James Jeffrey, the US envoy for Syria engagement, gave a talk about the future of Syria on December 17 without appearing to know anything about Trump’s plans to leave. Mattis also appears to have been stunned. Reports indicate that Trump and Kelly were also on cold terms ahead of Kelly’s leaving. This left Trump isolated, the exact opposite of his desire to delegate to his generals, and instead he made the quick decision on Syria without the war cabinet anywhere in sight.
 
Mattis drafted a resignation letter and provided it to Trump on December 20. He doesn’t specifically mention Syria, but he does mention US allies and the need for the US to sustain global influence.
 
“While the US remains the indispensable nation in the free world, we cannot protect our interests or serve that role effectively without maintaining strong alliances and showing respect to those allies,” he writes.

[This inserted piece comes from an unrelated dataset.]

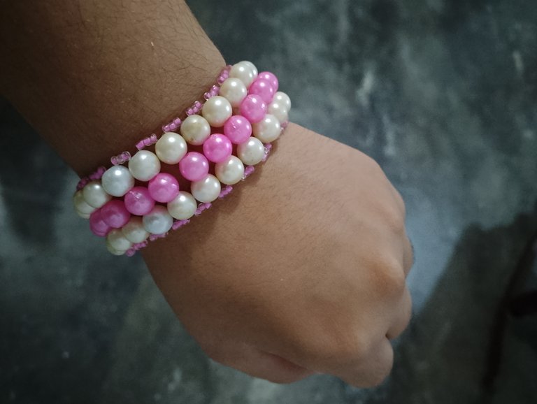 Hello dear friends at Hive and this wonderful DIYHub community, I hope you are well and have had a great day. Today I want to share with you how I made this new and simple bracelet with white and pink pearls and pink beads. What I like about this bracelet is that it is very easy to make. In terms of time, I must say that even though the steps are very easy, it takes a long time to finish because you have to repeat a step many times to complete the length of the bracelet. I finished making this bracelet in an hour. The steps are very easy to follow and are repetitive to complete the length of the bracelet. I must say that this is a bracelet that can be worn on any occasion and is easy to combine with our everyday clothing. I particularly love it because of its size and colors.
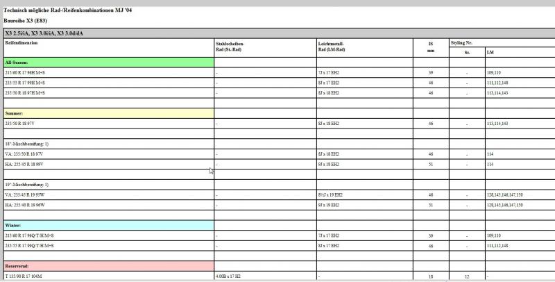 Diese Rad/Reifenkombinationen (von BMW freigegeben) entsprechen ja den Eintragungen in der CoC bzw. im Brief.

He mentions US leadership in relation to the coalition to defeat ISIS. That coalition’s effectiveness is now in question as the US leaves Syria. The fight against ISIS is not over, with the US launching 200 air strikes in the second week of December.
 
TRUMP’S DECISION to leave Syria, seemingly made in haste, but actually after around one year of Trump already questioning why the US was doing the heavy lifting in Syria, comes as the generals are being eclipsed in his administration. Their desire for a clear strategy and tendency toward caution and status quo appears to be leaving with them.
 
Trump also wanted to leave Afghanistan in the first months of his administration.
 
“I want to find out why we’ve been there 17 years, how’s it going and what we should do in terms of additional ideas,” he said in July 2017, according to Woodward. Senator Lindsey Graham, who has also urged the US to stay in Syria, said the US needed to be working toward stabilization in Afghanistan as well.
 
Under the tenure of Mattis, some of the US policies in Iraq, Afghanistan and Syria could be delegated to his capable hands. With him gone, the policies will be less clear and Trump may take on more responsibility in decision making on these issues.
 
This is precisely the opposite of what Trump initially wanted to do when he delegated authority and gave generals the decision-making power. This is already reverberating around the Middle East, where adversaries will see this as an opportunity to threaten the US and US allies.